Usain Bolt holds the men's world record at 9.58 seconds, set at the 2009 World Championships in Berlin. Florence Griffith-Joyner holds the women's record at 10.49 seconds, set in 1988. These times are measured to a hundredth of a second using electronic timing systems far more precise than any consumer stopwatch.
How do I time multiple people at once?
For a single shared start, begin the stopwatch when the race starts and record each finisher's time individually by pressing Lap as they cross the line — each lap captures that runner's finish time as a cumulative total. For independent starts, open separate browser tabs with a stopwatch for each person. Clockr stores up to 20 lap times per stopwatch session.
What is a split time in running?
A split time is the duration of a specific segment of a run — for example, the time for one lap of a track or one kilometre of a longer race. Splits help runners assess pacing: even splits mean each segment took the same time; negative splits mean you ran the second half faster than the first. Clockr's lap feature shows each split alongside the cumulative total.
How do professional athletes use stopwatches in training?
Coaches use stopwatches to time intervals, rest periods, and repetition splits during training sessions. Swimmers time each lap off the wall; sprinters measure acceleration phases and full-effort reps; endurance athletes track kilometre splits to monitor pacing. Consistent split data over weeks reveals whether an athlete is improving or fatiguing during a session.

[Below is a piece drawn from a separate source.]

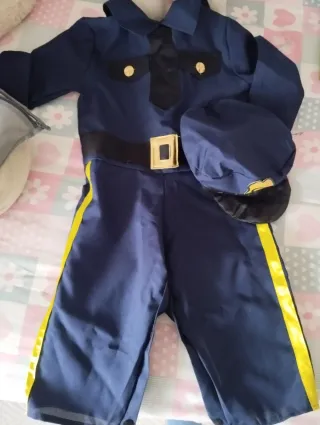 Disfraz de policía para niños, ideal para fiestas o juegos. - Traje de color azul marino. - Detalles en amarillo en las piernas. - Incluye gorra a juego.

What is the difference between a stopwatch and a timer?
A stopwatch counts up from zero, measuring how much time has elapsed since you started. A timer (or countdown timer) counts down from a preset duration to zero and alerts you when time is up. Use a stopwatch when you don't know how long something will take; use a timer when you need to limit an activity to a set period. Clockr offers both tools.
How many decimal places does a stopwatch measure to?
Clockr displays time to three decimal places — milliseconds — in the format HH:MM:SS.mmm. Professional sports timing often uses hundredths of a second (two decimal places), while scientific measurements may need microseconds. For virtually all everyday and fitness uses, millisecond precision is more than sufficient.